By regularly investing the same amount of money over time, you’ll be employing a strategy known as ’dollar cost averaging’. Because you automatically buy more units in the fund when prices are low, and fewer when they’re high, your average cost per unit is reduced, increasing your potential for profit.
It’s like buying $100 worth of apples every week — you get more when they’re cheap, so you end up with more cheap apples than expensive ones. Then, if apples go up in price, you’re investment should be worth more than you paid for it. However, the cost of apples will go up and down.
2. Salary sacrifice into super
Another good place to invest some of your income into your super, through a salary sacrifice arrangement.

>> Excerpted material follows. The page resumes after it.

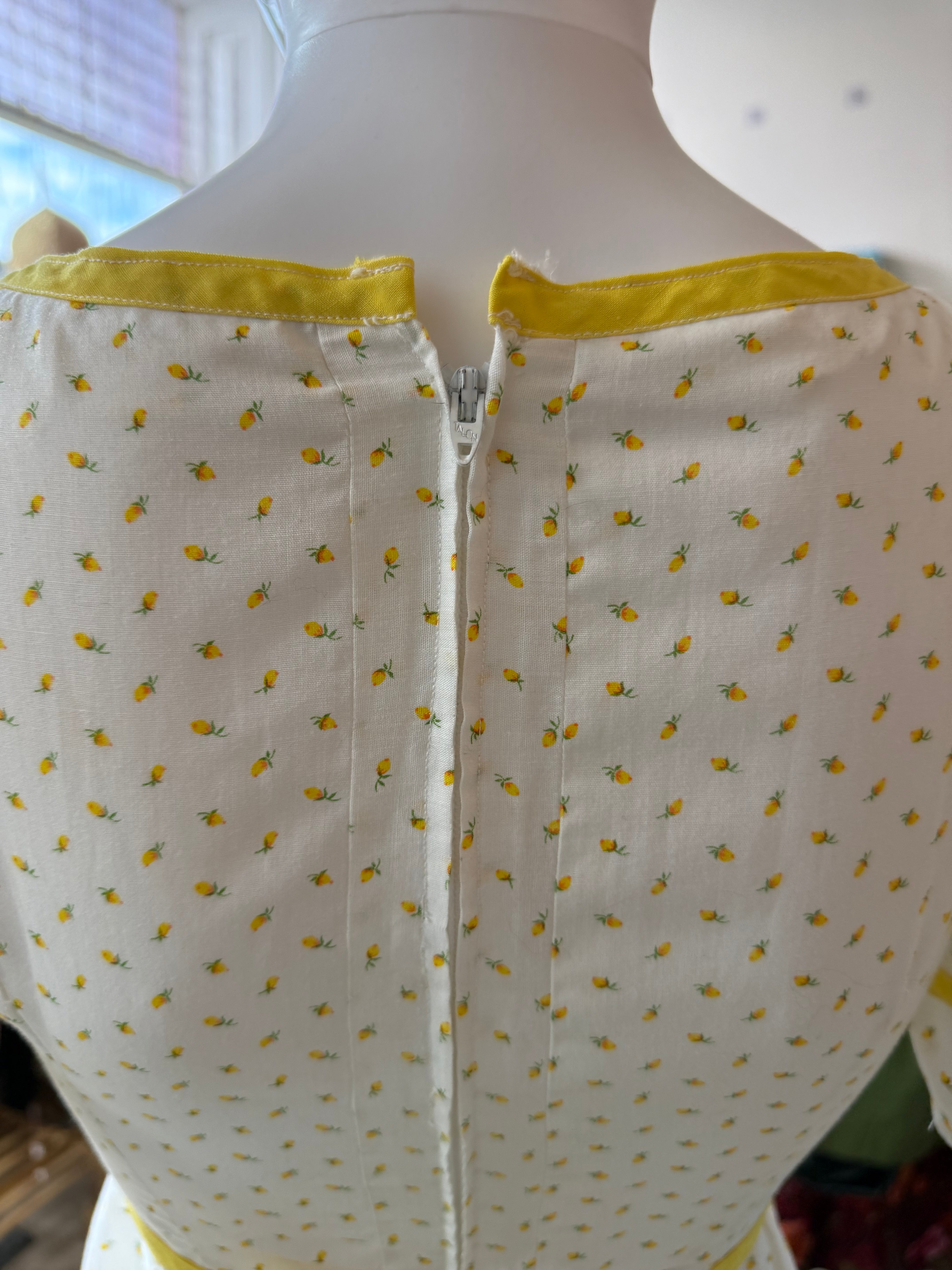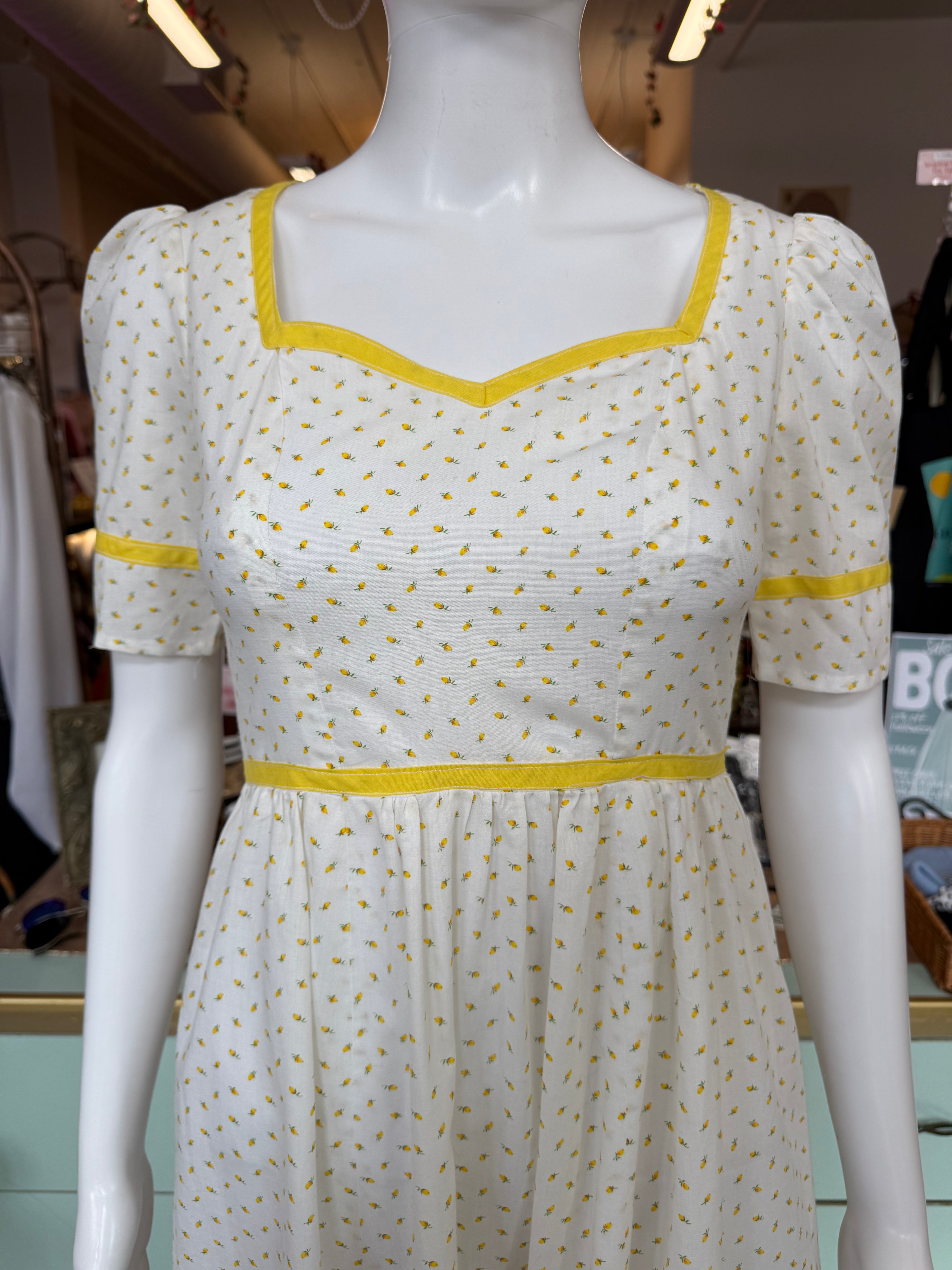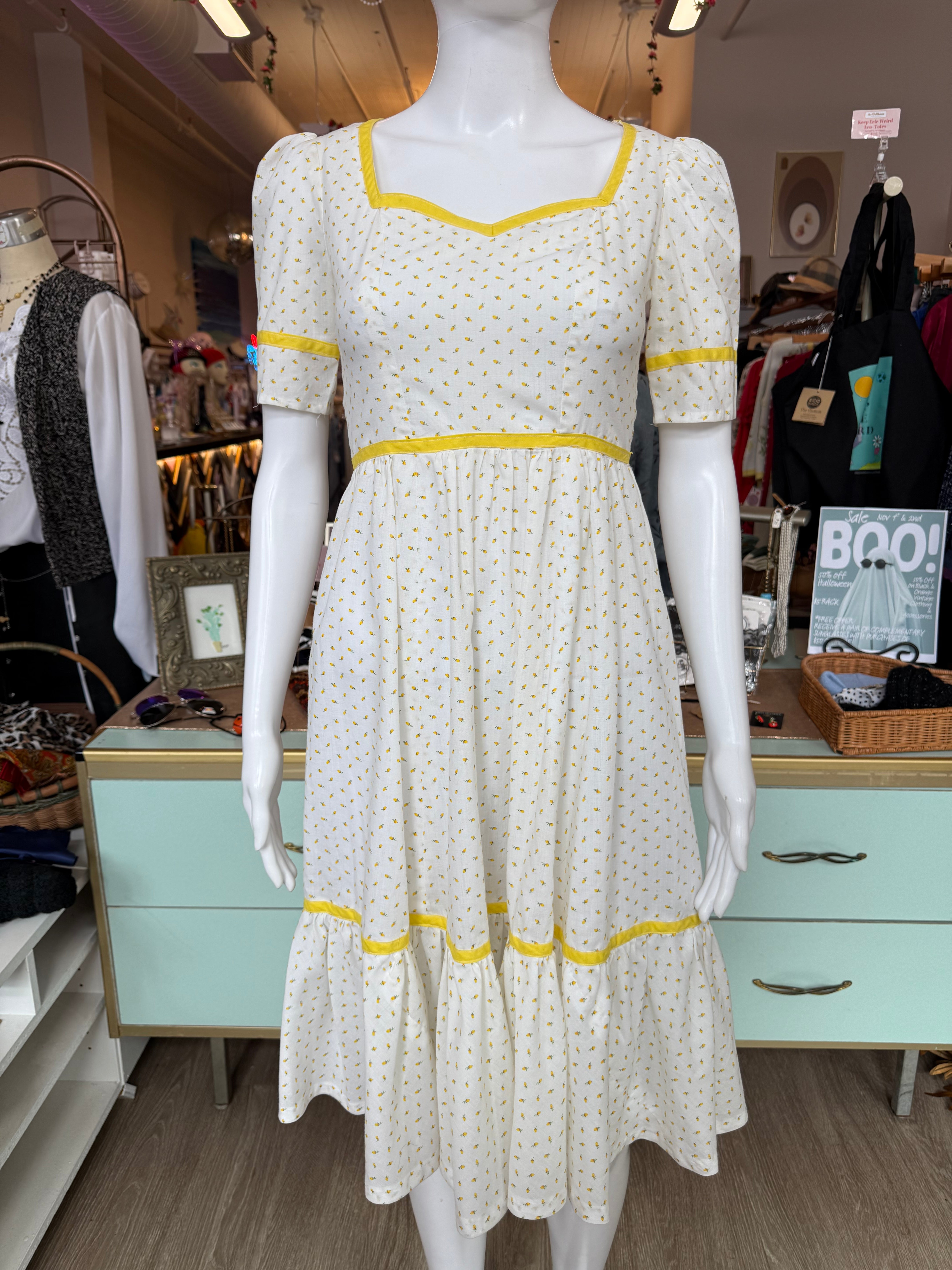 The sweetest vintage 1970s handmade prairie / cottagecore dress in white cotton with tiny pale yellow floral print and matching yellow trim. Features a sweetheart neckline, short puff sleeves, and a ruffled hem for that perfect cottagecore silhouette. Finished with a back zipper and waist tie for an adjustable fit.

It’s easy to do — simply arrange for your employer (if this option is available) to pay part of your pre-tax salary into your super, along with the compulsory superannuation guarantee super payments they already make.
Salary sacrifice may also be a very tax-effective strategy. That’s because it comes out of your pre-tax earnings, which means it may lower your assessable income. As a result, you could pay less income tax each year, while building your retirement savings.
What’s more, the money you salary sacrifice to your fund is taxed at just 15% within super. So if you’re in a higher tax bracket — for example, if you’re paying a marginal rate of 46.5% tax — this could reduce the tax you pay on this money by 31.5%.
3. Diversify into other types of investment
Many Australians like to put money into investment properties. And there’s no question that this could be a great investment, with potential capital growth and rental income. But don’t forget the importance of diversification, spreading your investments across a range of assets, markets and industries — including overseas.
For example, international shares can give you exposure to rapidly growing emerging markets, such as China, Russia and India. You can also enjoy access to the developed markets, and some of the world’s most successful companies.
You may also want to consider investing in fixed interest assets, like term deposits or bonds, for more predictable returns.
Or if you are keen to stay in property, indirect investment property is another option. By pooling your money with other investors into a property fund, you can gain exposure to commercial or overseas property, at a lower cost than investing directly.
If that all sounds too hard, there are plenty of managed funds to choose from, that can provide instant diversification — without having to do the legwork yourself.
Making your money work for you
Investing can be complex, and everyone’s financial situation is different. So it’s important to get the right financial advice. A financial adviser can work with you to determine the most tax-effective investment to make the most of your surplus cash.